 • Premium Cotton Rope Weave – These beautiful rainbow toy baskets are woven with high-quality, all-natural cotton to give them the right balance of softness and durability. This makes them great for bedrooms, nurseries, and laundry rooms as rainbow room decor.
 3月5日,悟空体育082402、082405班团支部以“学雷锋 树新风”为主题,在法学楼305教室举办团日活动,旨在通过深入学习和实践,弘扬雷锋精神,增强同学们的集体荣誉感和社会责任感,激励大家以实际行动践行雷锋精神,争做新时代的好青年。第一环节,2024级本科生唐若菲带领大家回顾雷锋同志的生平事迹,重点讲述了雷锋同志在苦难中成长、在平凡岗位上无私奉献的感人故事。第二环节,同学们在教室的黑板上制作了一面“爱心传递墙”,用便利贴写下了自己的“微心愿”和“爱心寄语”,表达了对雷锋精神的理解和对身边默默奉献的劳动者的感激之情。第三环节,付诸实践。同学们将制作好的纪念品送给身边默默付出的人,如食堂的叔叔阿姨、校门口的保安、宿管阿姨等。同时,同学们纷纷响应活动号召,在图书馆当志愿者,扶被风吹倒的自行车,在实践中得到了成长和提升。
* * *
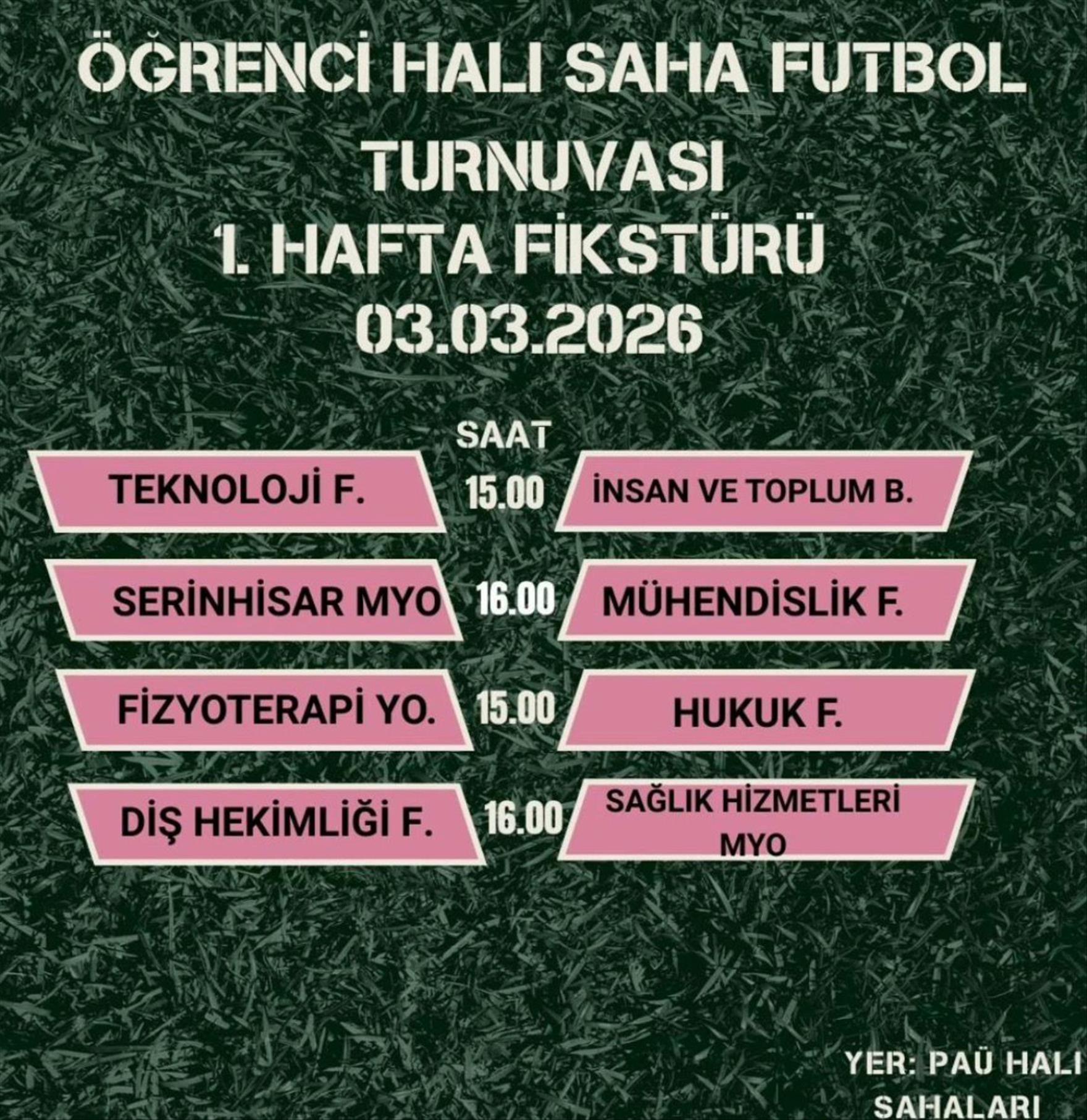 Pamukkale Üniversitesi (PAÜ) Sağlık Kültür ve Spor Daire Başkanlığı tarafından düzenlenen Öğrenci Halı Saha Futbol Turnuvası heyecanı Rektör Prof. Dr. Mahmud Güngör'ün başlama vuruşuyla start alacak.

ASSIGNMENT:
Take the lines above from the one containing "rainbow room decor." to the one containing "3月5日,悟空体育08240" and retype them exactly, both ends included, with nothing added.

RESPONSE TO THE EXERCISE:
 • Premium Cotton Rope Weave – These beautiful rainbow toy baskets are woven with high-quality, all-natural cotton to give them the right balance of softness and durability. This makes them great for bedrooms, nurseries, and laundry rooms as rainbow room decor.
 3月5日,悟空体育082402、082405班团支部以“学雷锋 树新风”为主题,在法学楼305教室举办团日活动,旨在通过深入学习和实践,弘扬雷锋精神,增强同学们的集体荣誉感和社会责任感,激励大家以实际行动践行雷锋精神,争做新时代的好青年。第一环节,2024级本科生唐若菲带领大家回顾雷锋同志的生平事迹,重点讲述了雷锋同志在苦难中成长、在平凡岗位上无私奉献的感人故事。第二环节,同学们在教室的黑板上制作了一面“爱心传递墙”,用便利贴写下了自己的“微心愿”和“爱心寄语”,表达了对雷锋精神的理解和对身边默默奉献的劳动者的感激之情。第三环节,付诸实践。同学们将制作好的纪念品送给身边默默付出的人,如食堂的叔叔阿姨、校门口的保安、宿管阿姨等。同时,同学们纷纷响应活动号召,在图书馆当志愿者,扶被风吹倒的自行车,在实践中得到了成长和提升。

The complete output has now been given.